Keywords: labyrinthin, MCA 44-3A6 antibody, cancer marker, cancer target, pan-cancer, pan-tumor, biomarkers, cancer diagnosis, adenocarcinoma
Background
Carcinoembryonic antigen (CEA) was first reported by Gold and Freedman in 1965 and, like many tumor markers, has been extensively studied.1 For decades, the quest in the tumor marker world was to find targets that were specific for various organs; this was in part because physicians were trained to be specialists with select organs or organ systems. Oncologists not only specialized in treating patients with cancer, but also within select organs in the body. The pursuit of organ-specific markers followed this same path with the advent of immunological and molecular methods to define tumor types. Untold numbers of potential tumor markers have likely been dismissed as not being valuable because they are expressed by a number of tumors arising in a host of tissues. Such is the case of the antigen labyrinthin, recognized by the mouse monoclonal antibody MCA 44-3A6.

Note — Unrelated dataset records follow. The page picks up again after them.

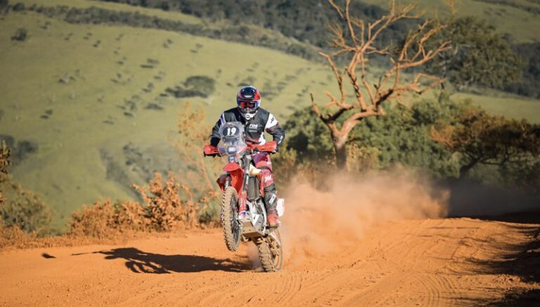 Suspensão, motor, freio… O conjunto tem que ser bem resistente e estar preparado para encarar obstáculos de terreno bem severos, pois teremos de tudo: pedras, trechos de trial, subidas e descidas de serra, setores sinuosos e, ainda, mudanças de terreno entre chão batido e arenoso, preveniu Bentivoglio.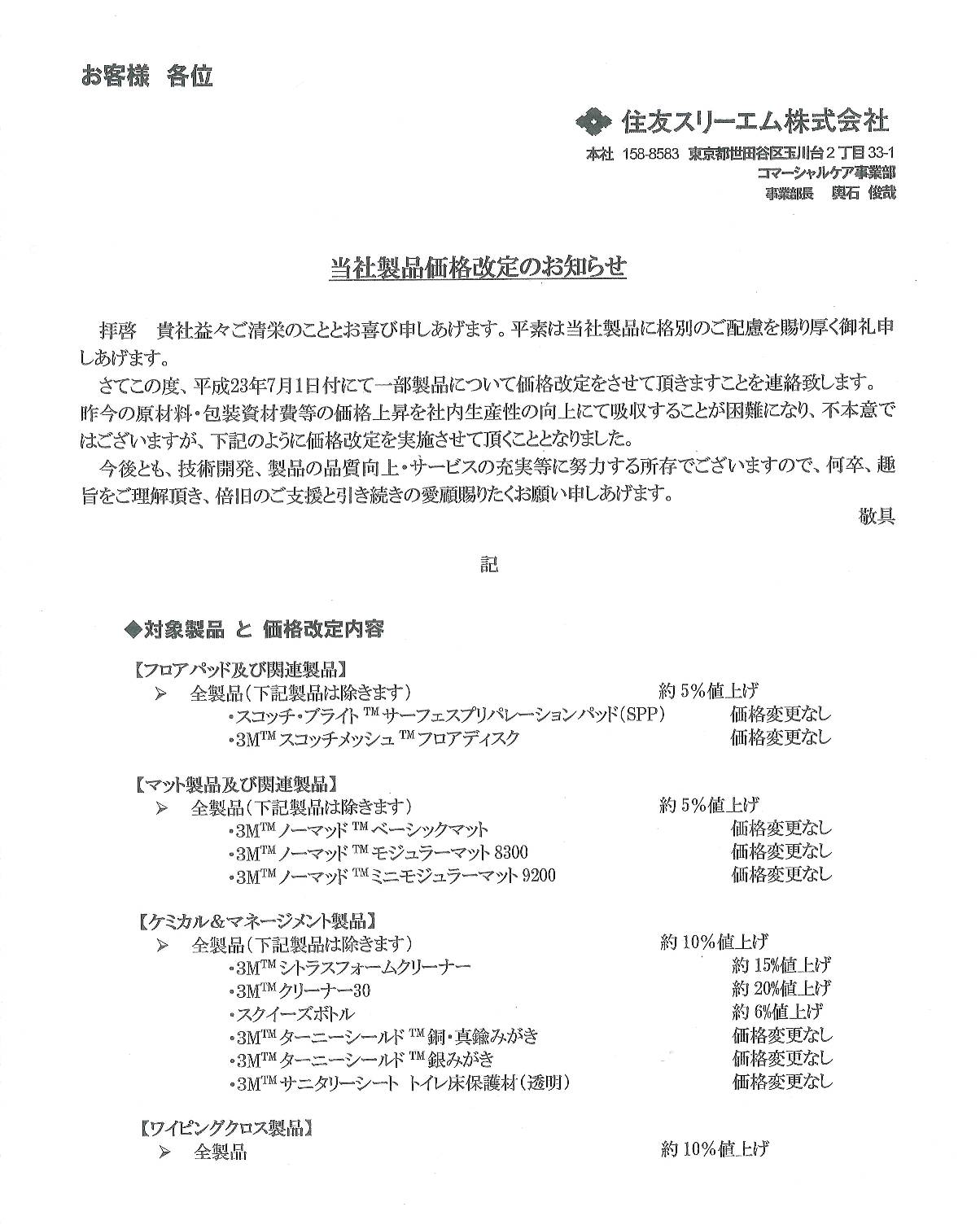 住友3M製品の一部価格改定のお知らせ。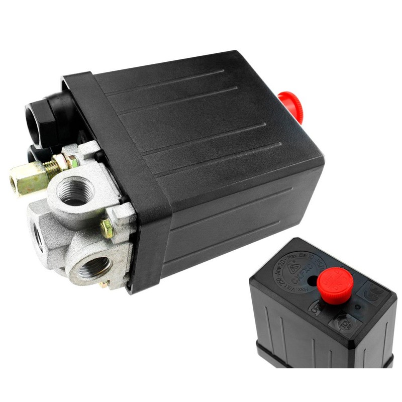 - Air pressure switch is used to regulate tank pressure between two pre-set values on Standard electric air compressors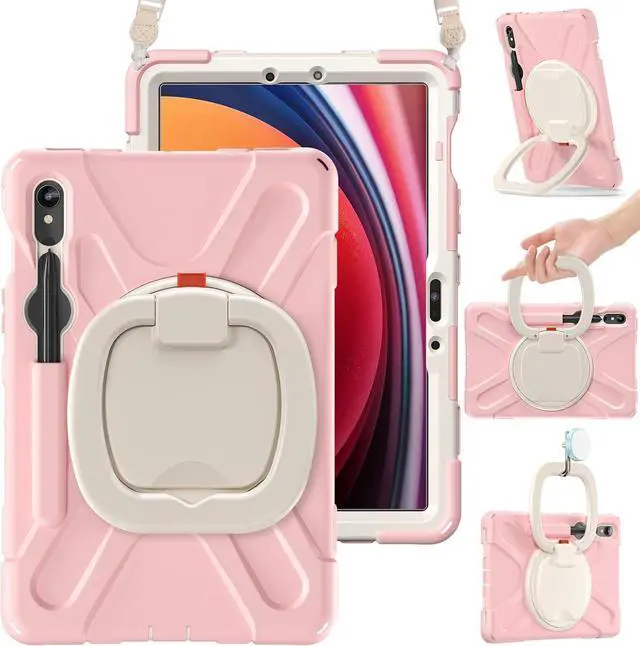 Functionality: 360°rotating / 180°folding Grip can be used as a handle, easy to hang your Sam-sung galaxy tablet S10 FE/ S9 FE case in kitchen, washroom, bedroom; Kickstand is stable enough to stand on different surfaces for children to view. Button and port cover enable to prevent dust, it also support S Pen Charging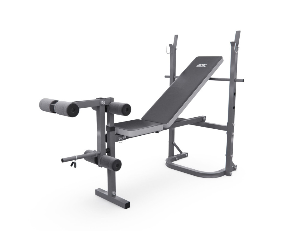 Идеальный тренажер для домашних занятий — скамья для жима DFC D701! Эта модель отлично подойдет для выполнения упражнений со штангой, благодаря регулируемому углу наклона на 4 уровня и стойкам, выдерживающим нагрузку до 100 кг. Ширина внутреннего расстояния между стойками составляет 51 см, что обеспечивает удобство и безопасность при выполнении жима и других силовых упражнений. Максимальная общая нагрузка на тренажер — 150 кг, включая вес пользователя и грузовые пластины. В комплект входят упругие валики диаметром 7 см и длиной 12 см, обеспечивающие комфортную поддержку во время тренировок. Общая конструкция легкая и компактная, а наличие упора для пресса и нагрузки для жима ногами до 80 кг делают эту скамью универсальным решением для домашнего спортзала.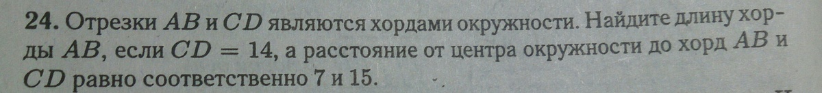 По теореме Пифагора АЕ^2=ОА^2-ОЕ^2=274-49=225, значит АЕ=15, тогда АВ=30.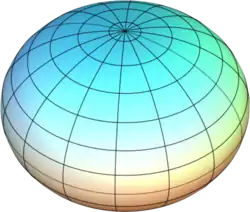 حيث f هي التفلطح أو الانحناء ,a هو نصف القطر الكبير للالبسوئيد، و b نصف القطر الصغير .

In the early 1980s, Radosevich et al2,3 set out to define tumor markers that were consistently expressed by a given pathological type arising in tissues throughout the human body. This approach was plagued by the fact that tumors had to be defined by pathologists and require exquisite attention to detail at the microscopic level (beyond that, some tumors did not display features that were detectable at the cellular level by microscopic techniques). This required the sorting of tumors using pathological methods, followed by the detection of molecular markers. The tumor set was then resorted, and a determination made as to whether the molecular marker did a better job of grouping tumors than did the initial sorting by traditional pathological methods (selective response to treatments, clinical outcomes, etc.). Using this approach, Radosevich et al2–4 could consistently define a group of lung tumors as being adenocarcinomas and not other tumor types found in the lung that looked like adenocarcinomas.

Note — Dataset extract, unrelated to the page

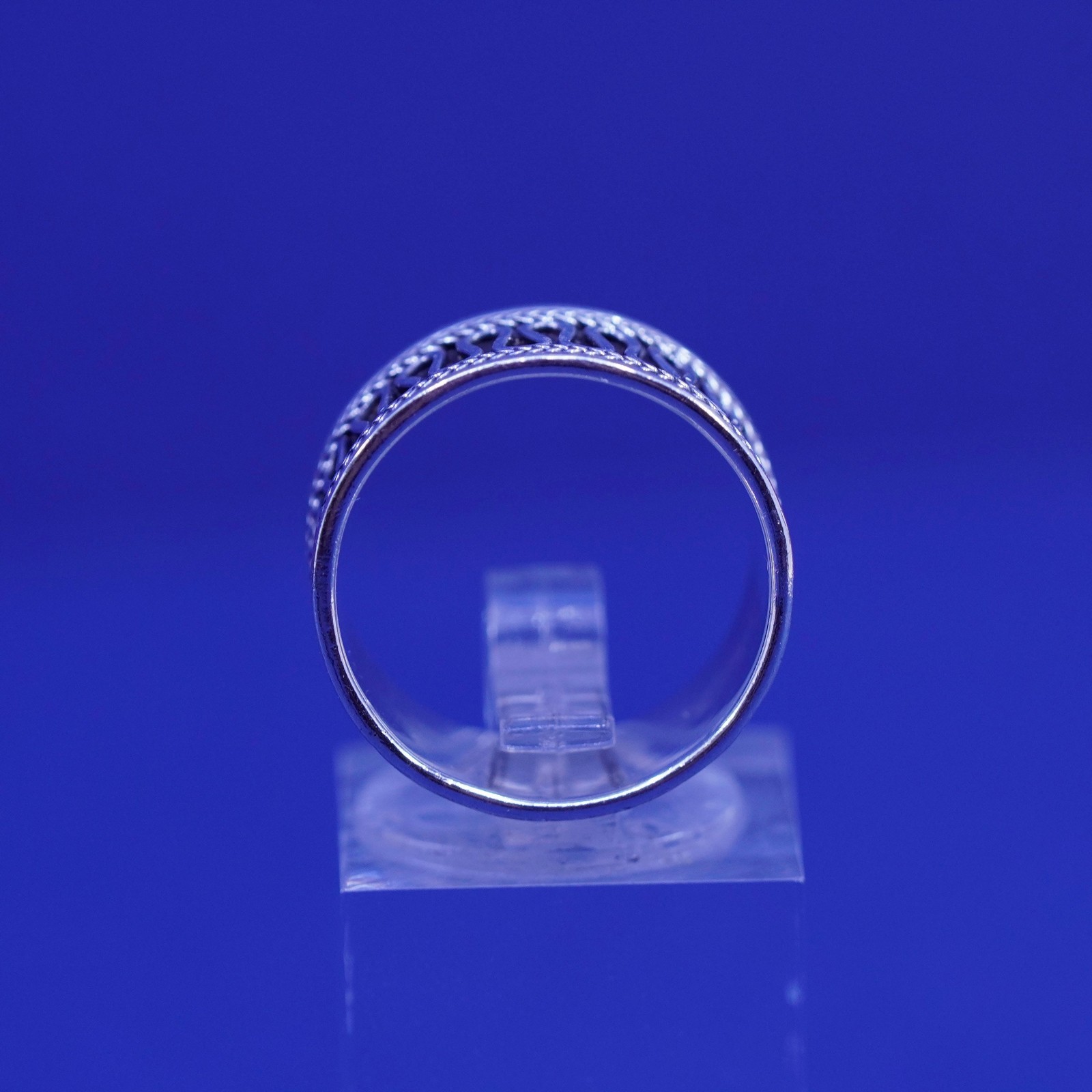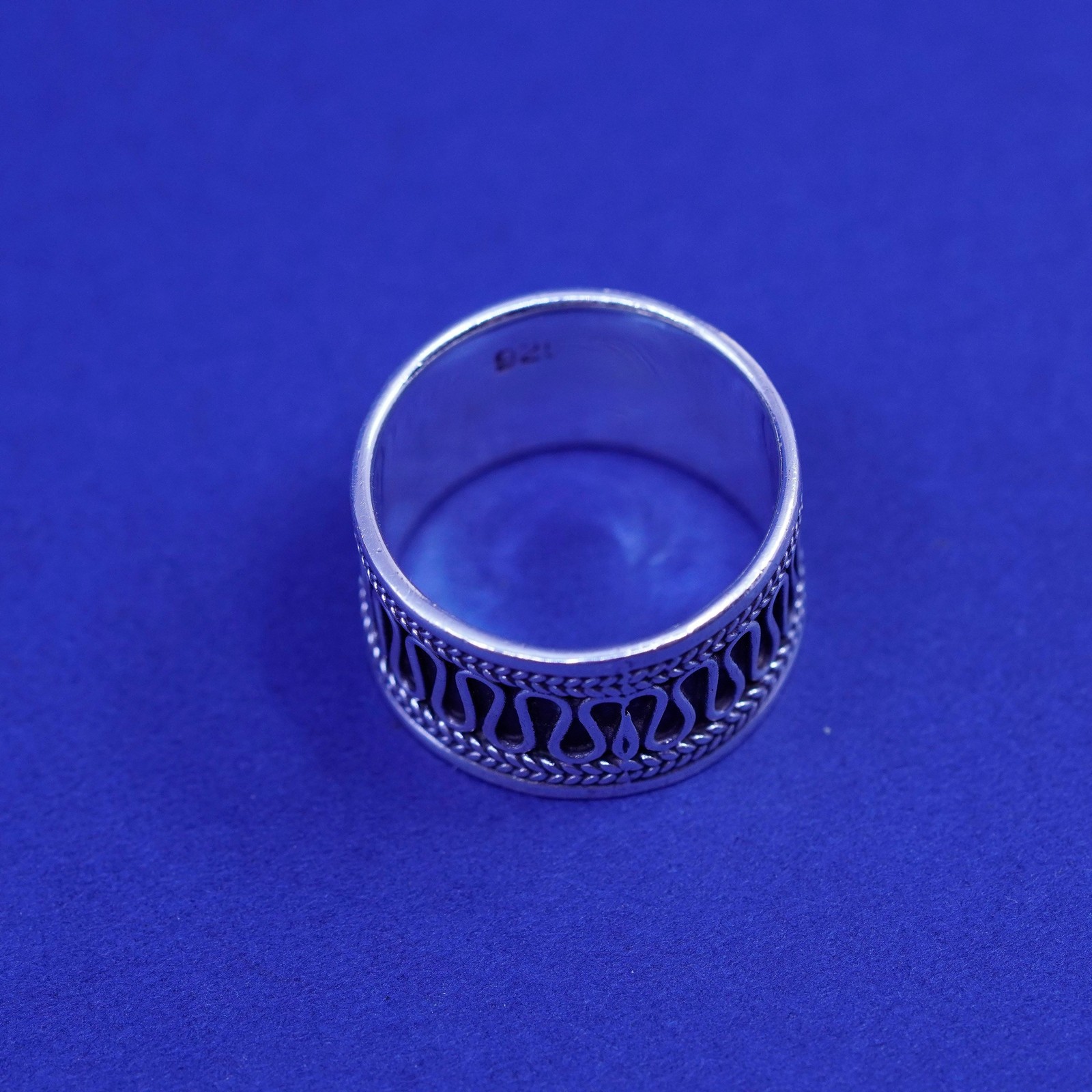 как выглядит Size 6.5, vintage Sterling silver handmade wavy wave ring, wide 925 band фото

MCA 44-3A6 Antigen (Labyrinthin) In An Evolving View Of Pan-Cancer Targets
As additional studies confirmed the presence of labyrinthin in lung adenocarcinomas,5,6 the question arose whether labyrinthin, the antigen recognized by MCA 44-3A6, could be equally consistent in sorting adenocarcinomas from other tumor types arising in other tissues. Indeed, MCA 44-3A6 recognized labyrinthin on breast,7 bronchial tract, stomach, small intestine, pancreas and colon in cancer tissues derived from adults;8,9 the aerodigestive tract, exocrine pancreas, neural tissues, renal tubules, and transitional urothelium during human fetal development;10 and more recently labyrinthin has been found to be selectively associated with adenocarcinomas from a variety of cancer cells and tissues (eg, NCI-60 human tumor cell line panel; data not shown). Thus, it turns out that labyrinthin serves as a pan-adenocarcinoma marker regardless of the organ system. At the time, however, labyrinthin could have easily been dismissed as having little to no value as a tumor marker because it is not organ-specific.
Consider the case of antibiotics in medicine. After the dawn of antibiotic use, eventually came the wide use of sensitivity testing. Empirical testing on the patient at hand was done to jump-start the control of the infection, but sensitivity testing focused the aim on the antibiotic(s) to be used. In every case, it is the sensitivity of the infectious agent, not the location of the infection in the body that directs antibiotic selection. There are different formulations of antibiotics to optimize the delivery of the drug (to the eyes, ears, GI tract, etc.), but the sensitivity of the microbe is still the driving force for the antibiotic drug selection. Why then not do the same for cancer treatment?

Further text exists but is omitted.